▶ [Available data]
======

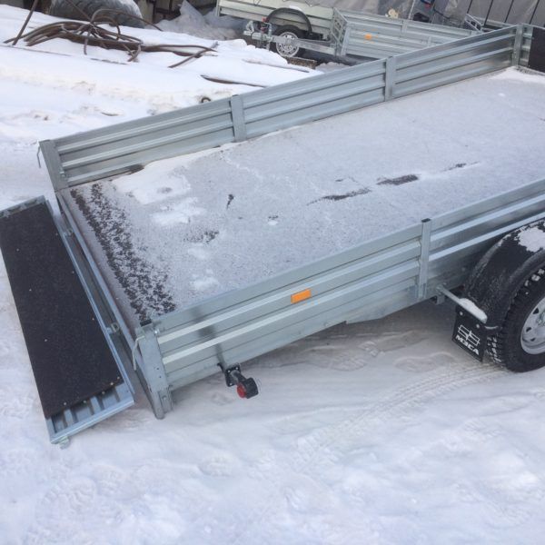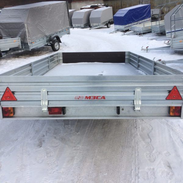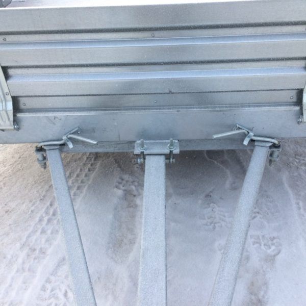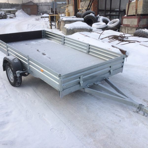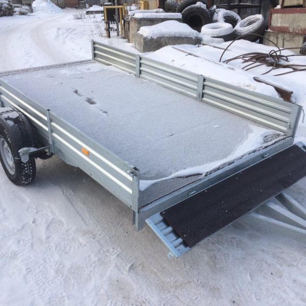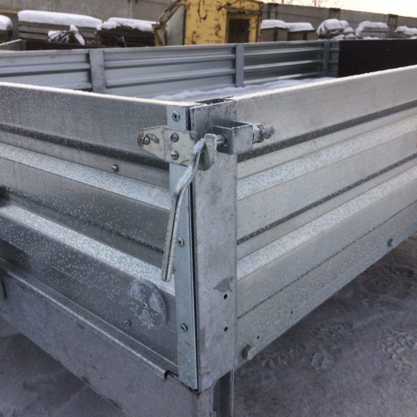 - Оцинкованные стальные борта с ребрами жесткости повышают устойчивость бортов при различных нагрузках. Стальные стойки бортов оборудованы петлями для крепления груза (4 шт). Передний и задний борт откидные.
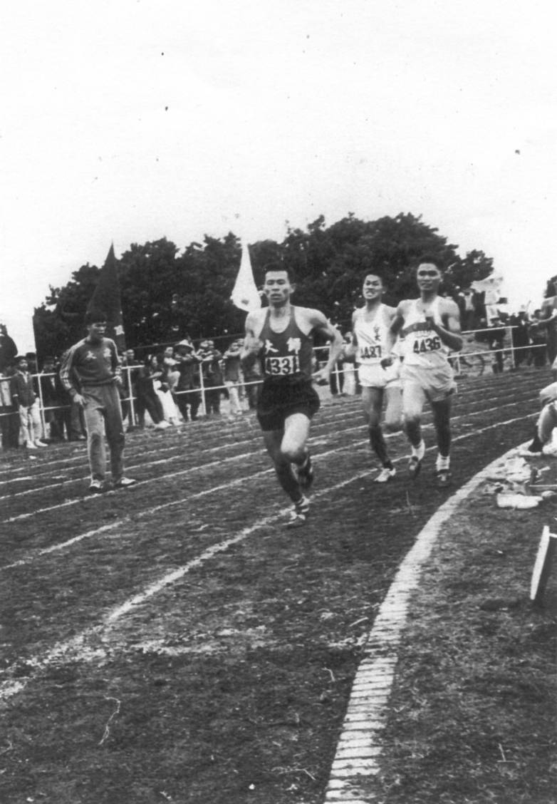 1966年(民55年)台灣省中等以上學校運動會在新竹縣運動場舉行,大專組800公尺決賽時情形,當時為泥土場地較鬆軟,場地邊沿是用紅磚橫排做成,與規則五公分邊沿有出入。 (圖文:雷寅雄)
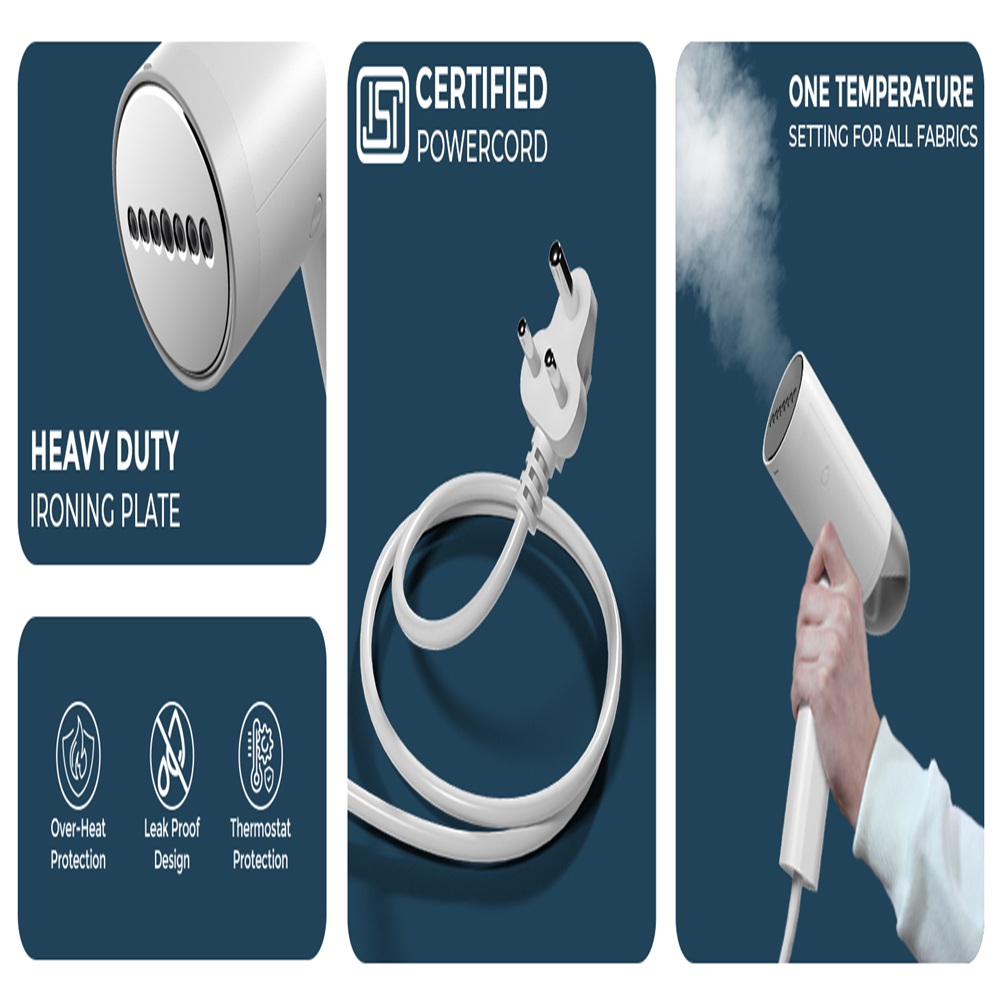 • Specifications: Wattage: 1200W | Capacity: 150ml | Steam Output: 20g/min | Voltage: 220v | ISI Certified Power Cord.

======

▶ [What to produce] The result should be the full listing, retyped exactly and free of pictures.

▶ [Response to this exercise]
 - Оцинкованные стальные борта с ребрами жесткости повышают устойчивость бортов при различных нагрузках. Стальные стойки бортов оборудованы петлями для крепления груза (4 шт). Передний и задний борт откидные.
 1966年(民55年)台灣省中等以上學校運動會在新竹縣運動場舉行,大專組800公尺決賽時情形,當時為泥土場地較鬆軟,場地邊沿是用紅磚橫排做成,與規則五公分邊沿有出入。 (圖文:雷寅雄)
 • Specifications: Wattage: 1200W | Capacity: 150ml | Steam Output: 20g/min | Voltage: 220v | ISI Certified Power Cord.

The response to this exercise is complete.